The film was immediately flown to Washington, D.C. to the National Photographic Intelligence Center for processing, with the first images trucked under armed guard where analysts at NPIC identified SS-4 missile transporters by noon. This, and other evidence on the films, set in motion the Cuban Missile Crisis. On 22 October, President John F. Kennedy announced that Colonel Heyser's photographs proved the Soviet Union was building secret sites for nuclear missiles only 90 miles from Key West. The crisis ended after Soviet Premier Nikita Khrushchev ordered the missiles withdrawn from Cuba.

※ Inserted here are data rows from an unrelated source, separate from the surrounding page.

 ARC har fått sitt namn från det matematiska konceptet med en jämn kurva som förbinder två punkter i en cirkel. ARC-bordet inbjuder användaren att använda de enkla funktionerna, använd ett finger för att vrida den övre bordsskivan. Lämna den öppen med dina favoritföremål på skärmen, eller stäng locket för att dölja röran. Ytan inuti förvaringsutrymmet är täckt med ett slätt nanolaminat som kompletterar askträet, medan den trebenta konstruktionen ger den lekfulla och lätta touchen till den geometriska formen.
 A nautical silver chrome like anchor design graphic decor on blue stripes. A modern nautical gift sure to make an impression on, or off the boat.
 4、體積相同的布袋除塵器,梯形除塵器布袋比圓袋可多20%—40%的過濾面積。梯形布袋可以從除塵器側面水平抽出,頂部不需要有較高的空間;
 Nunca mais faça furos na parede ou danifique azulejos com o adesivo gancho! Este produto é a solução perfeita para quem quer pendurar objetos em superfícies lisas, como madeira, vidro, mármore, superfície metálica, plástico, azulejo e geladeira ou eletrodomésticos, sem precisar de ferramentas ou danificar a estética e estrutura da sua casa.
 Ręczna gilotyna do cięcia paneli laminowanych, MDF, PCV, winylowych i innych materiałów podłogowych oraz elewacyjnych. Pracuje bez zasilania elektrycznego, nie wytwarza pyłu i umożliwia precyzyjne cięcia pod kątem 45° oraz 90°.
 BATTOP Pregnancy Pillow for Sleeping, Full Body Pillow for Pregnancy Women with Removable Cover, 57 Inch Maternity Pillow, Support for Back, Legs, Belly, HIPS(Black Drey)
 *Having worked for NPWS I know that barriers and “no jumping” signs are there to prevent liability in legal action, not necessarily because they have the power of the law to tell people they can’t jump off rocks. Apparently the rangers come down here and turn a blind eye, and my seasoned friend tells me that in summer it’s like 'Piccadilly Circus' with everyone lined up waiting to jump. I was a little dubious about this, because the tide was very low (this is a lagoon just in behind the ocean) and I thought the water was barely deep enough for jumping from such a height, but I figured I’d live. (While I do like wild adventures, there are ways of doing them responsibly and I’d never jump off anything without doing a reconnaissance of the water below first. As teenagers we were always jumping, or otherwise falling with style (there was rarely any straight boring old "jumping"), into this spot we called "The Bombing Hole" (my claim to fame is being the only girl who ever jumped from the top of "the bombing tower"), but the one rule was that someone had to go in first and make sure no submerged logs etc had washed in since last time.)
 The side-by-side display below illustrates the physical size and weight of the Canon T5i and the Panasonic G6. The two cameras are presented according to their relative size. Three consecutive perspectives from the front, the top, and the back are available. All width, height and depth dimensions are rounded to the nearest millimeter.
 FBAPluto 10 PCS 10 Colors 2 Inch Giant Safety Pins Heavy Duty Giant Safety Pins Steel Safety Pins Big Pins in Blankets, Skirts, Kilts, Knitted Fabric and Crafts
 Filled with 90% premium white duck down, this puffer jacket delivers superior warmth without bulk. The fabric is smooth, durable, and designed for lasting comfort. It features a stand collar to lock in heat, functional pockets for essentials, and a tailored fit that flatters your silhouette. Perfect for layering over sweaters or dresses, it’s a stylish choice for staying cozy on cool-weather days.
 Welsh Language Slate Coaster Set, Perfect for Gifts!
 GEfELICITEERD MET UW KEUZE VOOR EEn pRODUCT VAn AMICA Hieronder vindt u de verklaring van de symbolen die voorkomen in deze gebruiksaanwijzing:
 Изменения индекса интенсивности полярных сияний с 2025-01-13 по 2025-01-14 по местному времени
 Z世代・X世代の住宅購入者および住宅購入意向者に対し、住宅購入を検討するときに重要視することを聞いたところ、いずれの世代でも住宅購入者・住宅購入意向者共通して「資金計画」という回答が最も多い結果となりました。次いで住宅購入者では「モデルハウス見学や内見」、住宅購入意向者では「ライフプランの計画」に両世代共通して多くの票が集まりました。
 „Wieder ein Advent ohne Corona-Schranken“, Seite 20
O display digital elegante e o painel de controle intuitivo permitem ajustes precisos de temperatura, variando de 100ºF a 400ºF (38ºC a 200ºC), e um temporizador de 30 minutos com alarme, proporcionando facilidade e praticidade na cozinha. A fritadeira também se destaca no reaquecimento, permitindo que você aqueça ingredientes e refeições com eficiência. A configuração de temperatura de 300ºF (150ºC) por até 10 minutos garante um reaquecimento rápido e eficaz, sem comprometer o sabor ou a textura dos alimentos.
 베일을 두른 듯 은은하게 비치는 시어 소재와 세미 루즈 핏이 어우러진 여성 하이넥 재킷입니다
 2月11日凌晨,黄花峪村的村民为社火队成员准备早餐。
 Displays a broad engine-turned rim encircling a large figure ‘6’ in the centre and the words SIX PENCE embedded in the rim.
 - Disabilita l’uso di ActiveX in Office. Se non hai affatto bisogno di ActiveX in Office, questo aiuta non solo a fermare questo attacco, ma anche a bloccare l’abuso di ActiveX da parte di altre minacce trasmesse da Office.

Lieutenant Colonel Heyser said, in a 2005 interview with the Associated Press, that nobody was more relieved than he that the crisis ended peacefully, and that he had no desire to go down in history as the man who started World War III. "I kind of felt like I was going to be looked at as the one who started the whole thing", Heyser said. "I wasn't anxious to have that reputation."

== Later life ==
Heyser retired from the Air Force in 1974 after 30 years of service and returned to Apalachicola. He died at a nursing home in Port St. Joe, Florida, near his home in Apalachicola, on 6 October 2008 at age 81. He had suffered a series of strokes in the years before his death.